The practice of treating acute and chronic pain with opioid medications varies across the United States. Despite the decline in opioid misuse and opioid use disorders with the 2016 CDC Opioid Prescribing Guideline, opioid medications remain a common therapeutic medication used for pain management. It is important to continue to evaluate the risks and benefits associated with the use of opioids in the treatment of acute pain. As pointed out by Moore et al. there is a need for opioid stewardship to reduce some of the long-term ramifications of starting opioid treatment in the hospitalized setting, and in having opioid-naïve populations continue these opioids beyond the acute setting [3]. There is no panacea for the opioid crisis, and going too far one way by restricting therapy or the opposite direction with wanton use can have significant detrimental effects; however, being apathetic to the crisis potentially leads to an even broader negative impact on the general population.
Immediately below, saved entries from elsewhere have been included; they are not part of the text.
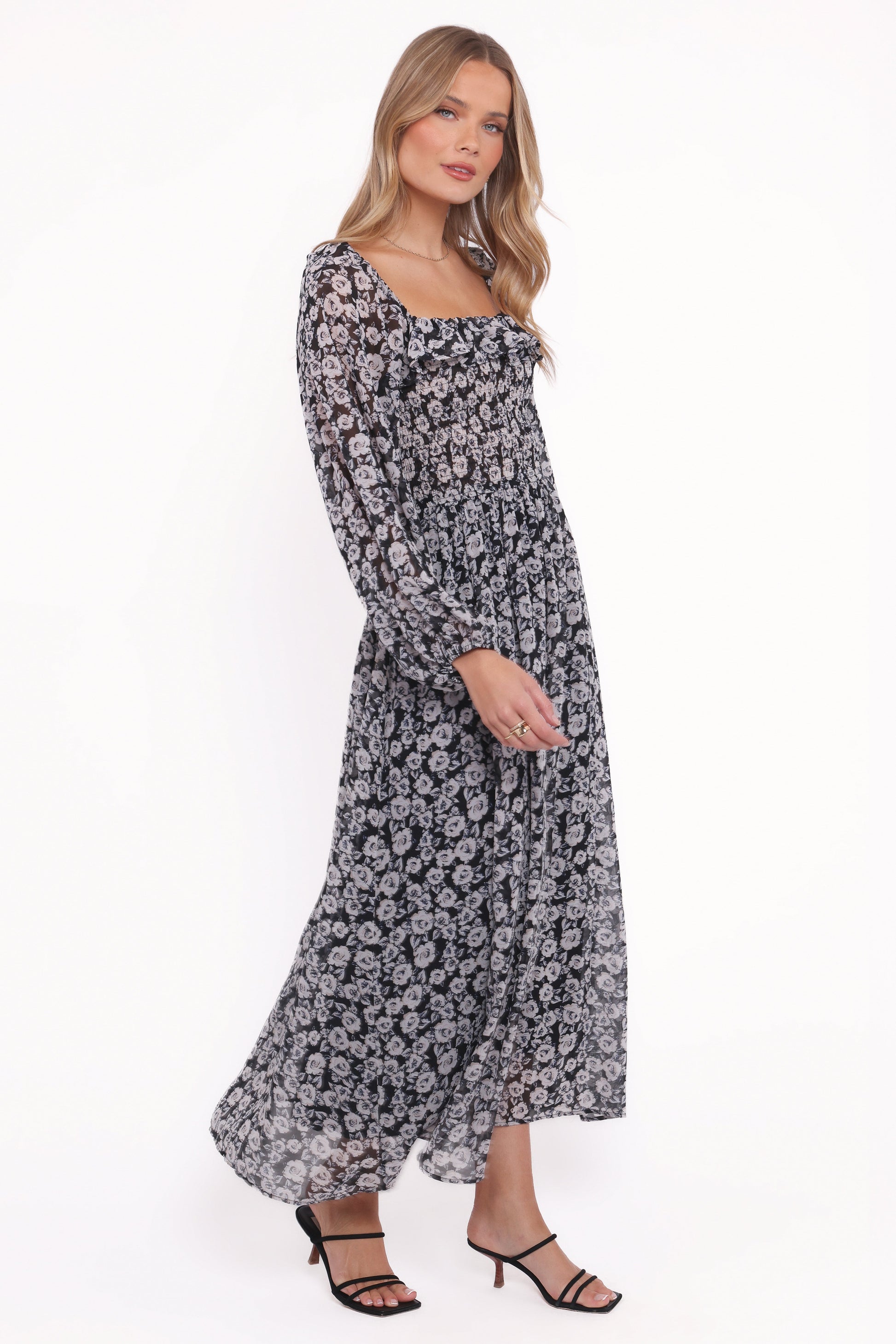 The Faith Long Sleeve Maxi Dress in Black Floral is your go-to piece for effortless elegance. Featuring a flattering square neckline and an elasticised shirred bodice, it offers a comfortable fit that molds to your shape.
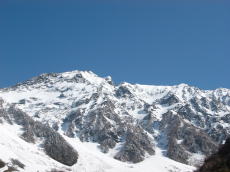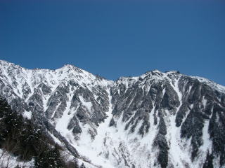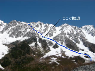 前日の冷たい雨は高い山では雪だったようで、しかもこの時期としては結構な量が降った。朝は新雪のままだったが、登っているうちにあちこちから雪崩れ、とうとう滑るところがなくなってしまった。まだ雪崩れる可能性もあったので、ここは大事をとって撤退することに。ただ、この新雪のおかげで、茶色い雪が真っ白に戻り、純白の穂高連峰のパノラマを満喫することができた。新雪が降らなければ雪崩れはないし、雪質も快適ザラメ。降ると景色がよくなる。天は二物を与えず・・・ってとこか。
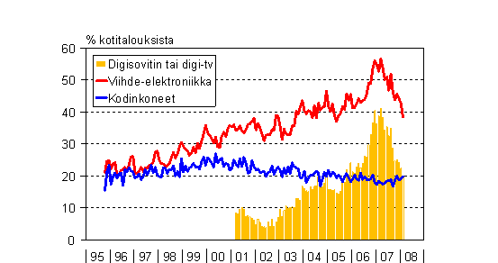 A3 Kotitalouksien aikomukset käyttää rahaa kodintekniikan hankintaan seuraavan puolen vuoden aikana 10/1995 - 2/2008
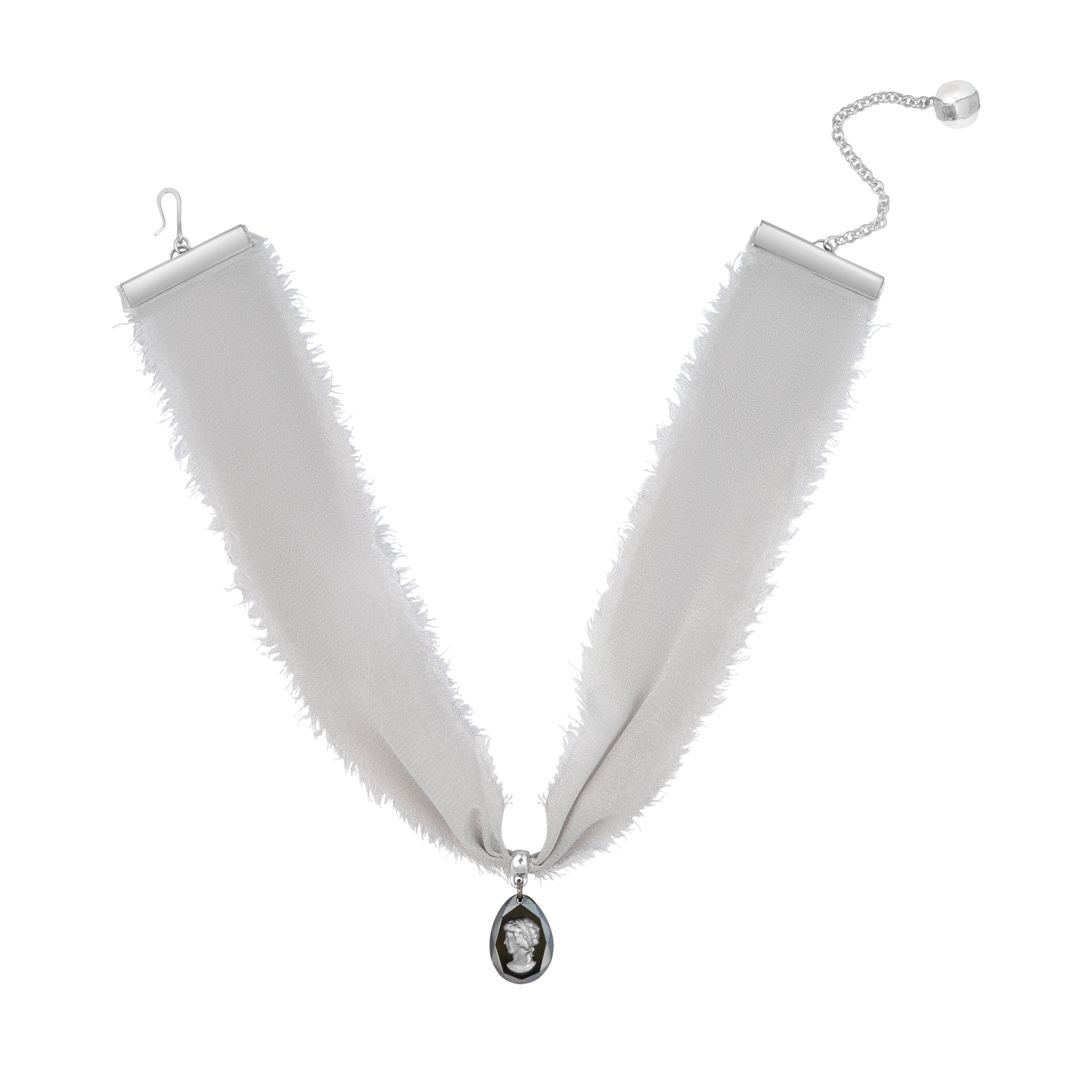 - Materials: Vintage German glass intaglio pendant, silver-gray crepe de chine silk ribbon with frayed edge, banded freshwater pearl end charm, sterling silver and silver plated components

It is imperative for clinicians to use opioid stewardship best practices and lessons learned from continued research, the 2022 CDC Update on Clinical Practice Guideline for Prescribing Opioids for Pain, and to ensure an individualized approach to caring for the patient with pain is utilized, while also putting into place broader mitigation strategies that are flexible enough to support patient-centered care.